The problem with welfare cheats is that as Crenal stated they are stealing from legitimate tax paying citizens.  My mother-in-law is 68 and has worked all her life since she was fifteen.  She has never used or abused the system even though there were opportunities to do so, especially when her two boys were young and putting them in day care so she could continue to work was a financial hardship.  I just believe, very strongly, that these welfare cheats just make it so much harder for the legitimate cases.  

I'm sorry you feel I did the wrong thing in informing on her but I had tried to talk to her on multiple previous occasions to encourage her to tell the truth but she just brushed me off saying that if she did that she wouldn't be able to afford her daily heroin habit.


----------



## sheiler1963 (Nov 23, 2011)

The arrogance of people who have never been 'nickled and dimed' in America astounds me.


----------



## TheGapBetweenMerlons (Jun 2, 2011)

Katharina said:


> There are more money to get if you went after _real_ criminals, but the system is not interested in those, for some reason.
> They are "decent" people on paper who just manage to steal millions from society each year. The wealthy tax evaders
> have laws and lawyers protecting them.


If someone is truly evading tax laws, then there is a real interest in catching them, because that's fraud too. But if they're just using the law to reduce their tax burden, that just means they're keeping more of their earnings _which belong to them_ by following the rules. That's not called "crime" -- and any moral outrage you might feel over them following the rules to their benefit is little more than a Robin Hood fantasy that promotes class warfare by pitting all the poor against all the rich. It's not logical, and certainly not principled, but it plays effectively to audience emotion.



Katharina said:


> I disagree. What corrupts society most is when people committing the same crime are
> treated differently, depending on how high up they are in society.


This is the case with taking wealth by force, but you have it backwards. The poor are stealing from the rich and being treated as "charitable causes" but if the rich steal from the poor they are treated as criminals. The same crime treated differently, depending on social rank (class war), with the poor "charitable" coming out far better in the "moral bargain."



Katharina said:


> It is a case of double standards that society honors billionaires
> who milk the system while the little people are held to a much stricter moral code.

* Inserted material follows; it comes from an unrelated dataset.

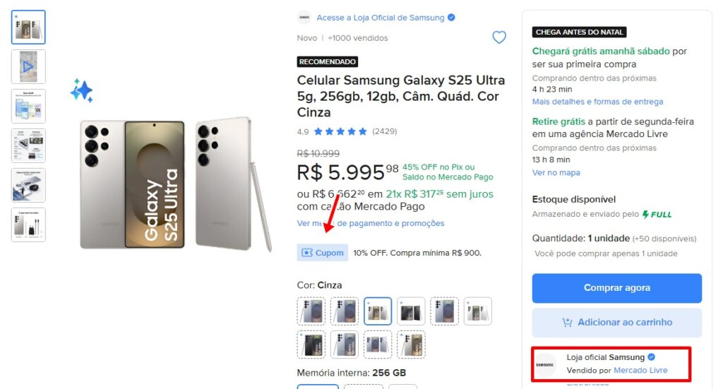 Para garantir o seu Galaxy S25 Ultra com o menor preço do Brasil, basta seguir nossas dicas. Primeiro de tudo, crie ou entre em uma conta válida no Mercado Livre. Depois, acesse o link promocional abaixo e selecione o cupom de 10% do produto em baixo do preço. Em seguida, selecione PIX como forma de pagamento para não perder o negócio!
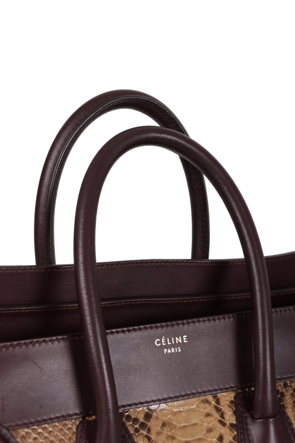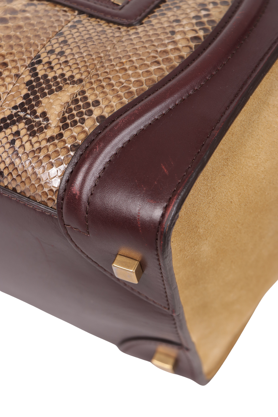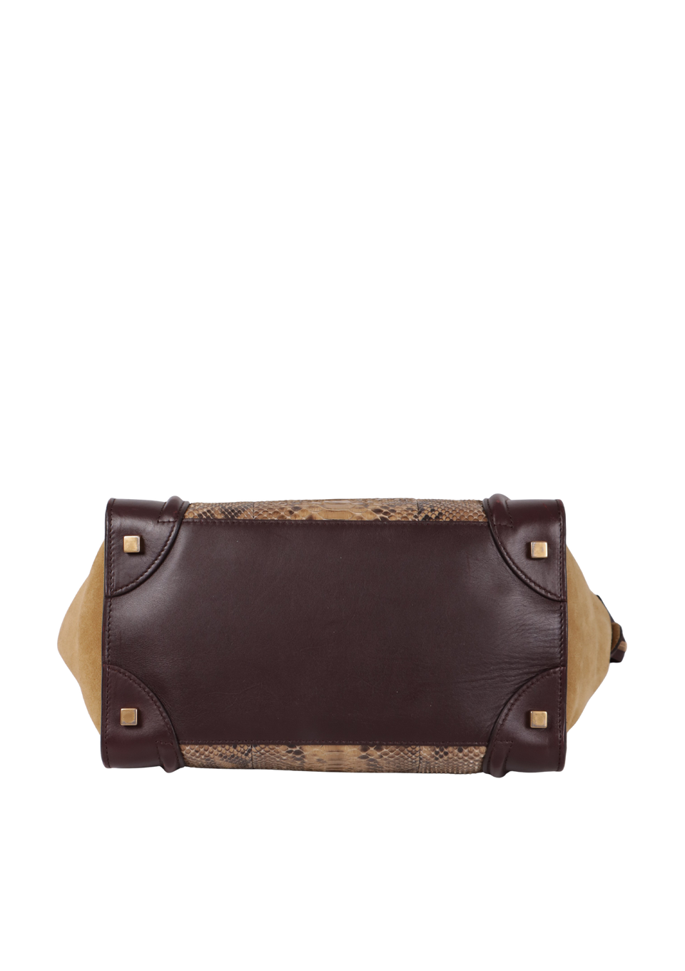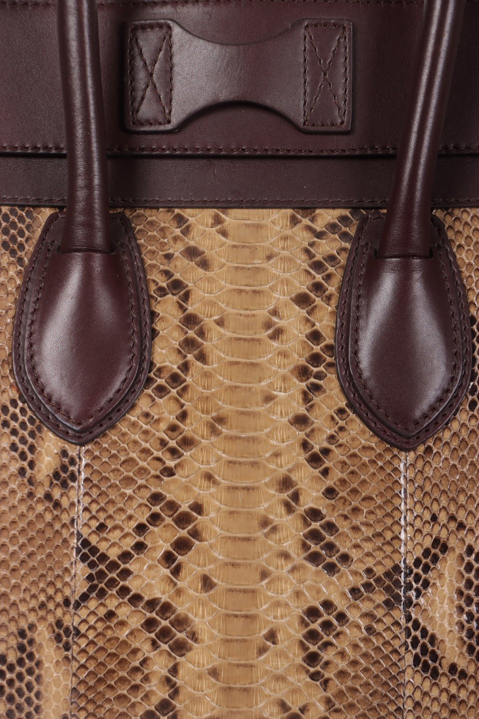 Descrição do Material: Couro calfskin marrom com detalhes em pele de python bege

As I said above, you have it backward. The "little people" are held to no moral code at all, they're the "charitable causes" who are supposedly _owed_ a substantial portion of what others work for.



Katharina said:


> Your emotional comparison between not informing
> on a single mother and protecting the mafia through silence is...illogical at best.
> One silence is a sense of mercy. The other because you fear retribution.

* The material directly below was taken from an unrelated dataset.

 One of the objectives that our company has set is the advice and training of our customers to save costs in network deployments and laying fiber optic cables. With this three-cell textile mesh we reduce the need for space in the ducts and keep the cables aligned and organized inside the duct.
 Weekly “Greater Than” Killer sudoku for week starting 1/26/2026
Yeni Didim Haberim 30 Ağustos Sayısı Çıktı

_My_ emotional comparison? You're the one talking about "a sense of mercy" and "fear [of] retribution." I don't think I'm the one adding emotions to the statement that "not informing" is such a powerful source of injustice.



Katharina said:


> The fact is that people happily ignore _real_ crimes.


You repeatedly refer to "real" crimes as if fraud is not one. By what principle do you decide what is a real crime or not? Or do principles just get in the way of "feel good justice" which is far more vigilante than informing authorities of crime.



Katharina said:


> People who worry about nickles and dimes often manage to live quite happily, knowing there are violent or sexual crimes occurring
> next door.


Oh, please. First we're talking millions or billions of dollars (depending on scope), not "nickles and dimes." And as for these mythical people who "live quite happily, knowing there are violent or sexual crimes occuring next door" I have only two words: Prove it. (OK, a few more words: That's utter nonsense, I don't know _anybody_ who -- other than through a "do not inform" street "ethic" -- would knowingly allow such crimes to occur next door.)



Katharina said:


> Gives a pretty clear sign of what has the highest value in society today.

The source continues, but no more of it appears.